Determine whether humic coals can be a source of oil.
Lewan GeoConsulting has experience that shows some humic coals may be the source of expelled oil.
Estimate pressures generated during petroleum formation and their effects on petrophysical properties of maturing source rocks.
Lewan GeoConsulting, in partnership with students Keethikanand and Dr. Al Duhilian from the Colorado School of Mines, has tackled this matter through theoretical computations and experimental findings. These findings suggest that pressures reaching up to 10,000 psi can emerge during the peak of oil generation. The collaborative research also revealed that these generative pressures have the potential to not only create conjugate fractures but also open bedding planes. This occurs particularly when the source rock lacks sufficient confinement from equivalent lithostatic pressures or when it is not properly secured by a rigid metal clamp.

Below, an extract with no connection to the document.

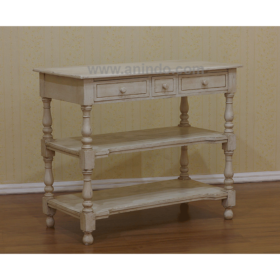 Our 3 drawers console with self is made of mahogany wood in antique cream painted finish.

Assess whether thermal maturation affects isotope geochronology age determinations of source rocks.
Lewan GeoConsulting in Collaboration with Drs. Rooney and Selby have Provided a better understanding of the influence of thermal maturation induced by hydrous pyrolysis of ages determined by K/Ar and Os/Re isotope methods.
Assess the impact of thermal maturation on the reliability of oil correlation parameters like isotopes of H, C, and S, biomarker signatures, and alkane distributions.
Lewan GeoConsulting has expertise in evaluating the effects of thermal maturity on oil correlation parameters. True representative biomarker signatures are sometimes weakly bound into kerogen and are only revealed with at low thermal maturities generated by low-temperature, also some isomer biomarker ratios related to thermal maturation show a reversal with thermal maturation as first observed in hydrous pyrolysis experiments and latter observed in natural maturation. δ13C is controlled by the original source of organic matter, but the dD is controlled by the associated water δD during thermal maturation.
Class Offerings
Three half–day (3– to 4–hour) workshop on new insights on Petroleum Formation and Geochemistry to train managers and geological staff on new concepts and approaches to source rock characterization including thermal maturation, stages of petroleum formation, determining petroleum charge from and retained petroleum in maturing source rocks, and timing and extent of petroleum formation in petroleum systems.